Procter & Gamble’s Tide is looking to clean up with fans of the National Football League, inking a multiyear sponsorship with the Shield and its 32 franchises.

The deal goes into effect at the start of the 2012 NFL campaign.

This season marks the third in P&G’s five-year national sponsorship of the league. Under terms of the original deal, P&G was given the option to align one of its brands with all 32 teams. (Only Gatorade enjoys a similar national/franchise sponsorship package.)

While this marks the first season Tide will become an active presence around the NFL, the brand was written into the original P&G contract. Other participating P&G brands include Head & Shoulders, Febreze, Vicks, Crest and Old Spice.

Financial terms of Tide’s deal with the 32 NFL teams were not disclosed. And while P&G keeps a tight lid on the terms of its 2009 pact with the league, analysts estimate the CPG giant pays north of $100 million for the privilege of aligning its brands with the NFL.

In August, consumers will begin to see specially marked packages of Tide bearing the NFL’s official heraldic logo. Moreover, the individual team sponsorships provide the opportunity for Tide to use franchise logos and trademarks on its distinctive orange packaging. (In other words, fans in Pittsburgh are likely to see the three hypocycloids of the Steelers’ logo displayed prominently in their grocer’s detergent aisle.)

Asked if Tide would develop 30-second spots around individual NFL teams, Sundar Raman, North American fabric care marketing director at P&G, said he is not at liberty to discuss any upcoming media executions. “Whatever we do, we want the creative to be holistic across all media—print, television, digital,” Raman said.

If previous P&G efforts are any indication, TV is likely to play an integral part of Tide’s media mix. In 2010, P&G planned a far-reaching campaign around heroically tressed Steelers safety Troy Polamalu, who serves as the spokesman for Head & Shoulders.

Along with a number of national 30-second spots, P&G developed a “first-person tackler” Web game and a micro site (TroysHair.com). Head & Shoulders also took out a $1 million insurance policy on Polamalu’s hair through Lloyd’s of London.

Tide is the most-advertised household product brand, accounting for around 8 percent of all measured media spend in the category. Parent P&G is far and away the nation’s biggest advertiser, investing $2.95 billion in 2011—$1 million more than runner-up AT&T, per Kantar Media.

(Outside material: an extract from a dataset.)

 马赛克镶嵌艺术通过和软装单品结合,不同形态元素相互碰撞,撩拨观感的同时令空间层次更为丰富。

All told, TV accounted for 58 percent of P&G’s overall media spend, or $1.72 billion. Magazines represented about a third of the company’s 2011 ad expenditures.

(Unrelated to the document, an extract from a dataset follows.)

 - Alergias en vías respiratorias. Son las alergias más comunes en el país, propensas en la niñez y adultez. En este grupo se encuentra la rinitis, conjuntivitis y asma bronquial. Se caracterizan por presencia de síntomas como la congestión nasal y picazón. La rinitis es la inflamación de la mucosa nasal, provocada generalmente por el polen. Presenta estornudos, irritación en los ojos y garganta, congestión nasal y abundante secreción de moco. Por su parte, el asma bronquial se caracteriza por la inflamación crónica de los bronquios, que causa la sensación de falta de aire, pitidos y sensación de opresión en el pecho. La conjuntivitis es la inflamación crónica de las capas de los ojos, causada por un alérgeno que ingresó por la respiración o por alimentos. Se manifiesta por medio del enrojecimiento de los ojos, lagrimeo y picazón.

The Tide deal represents an opportunity to get the brand in front of the millions of women who watch the NFL every week. According to Nielsen, women make up one-third of the deliveries for all nationally televised NFL games.

“For us, the NFL’s growing female fan base played a big role in developing the Tide sponsorship,” Raman said. “It allows us to tap into America’s passion for the NFL and fan loyalty toward their home teams.”

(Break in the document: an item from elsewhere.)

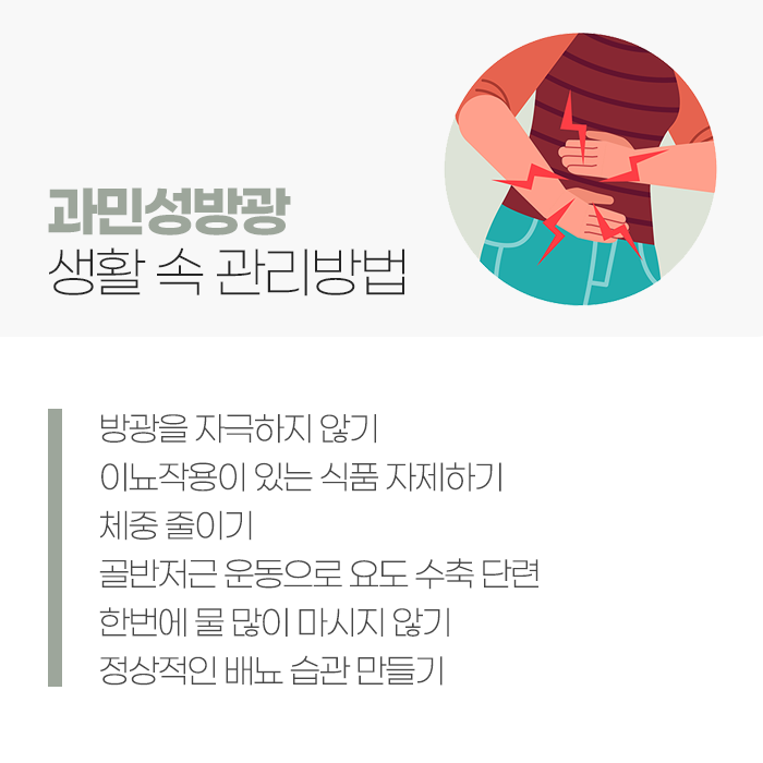 증상이 심하지 않다면 생활습관 교정만으로도 충분히 좋아질 수 있습니다. 방광을 자극하는 커피, 녹차, 에너지음료 등 카페인 음료와 술은 줄이고, 물은 하루 1.5~2리터 정도 적당히 마셔 방광이 자극되지 않도록 관리하는 것이 중요합니다. 다만 물을 너무 적게 마시면 소변이 농축되어 방광을 더 자극할 수 있으므로, 적절한 수분섭취가 필요합니다.

According to an Adweek/Harris poll conducted at the start of the 2011 NFL season, 64 percent of all Americans say they watch the NFL.

Tide enjoys a home-field advantage of sorts, given its preeminence among NFL equipment managers. (Even before the deal was announced, Tide was the preferred detergent in 29 of the 32 team locker rooms.)

Ed Wagner, the equipment manager of the Super Bowl champion New York Giants, says he uses Tide in tackling 5,510 pounds of laundry he’s responsible for every week.

“The players are issued two jerseys and a pair of pants and, for the most part, that should get them through the whole season,” Wagner said. “So you can see why the detergent we use is so important.”

The NFL deal comes as P&G finalizes its plans to activate 30 brands in and around the 2012 Summer Olympics in London. The company will sponsor the Winter and Summer Games through 2020.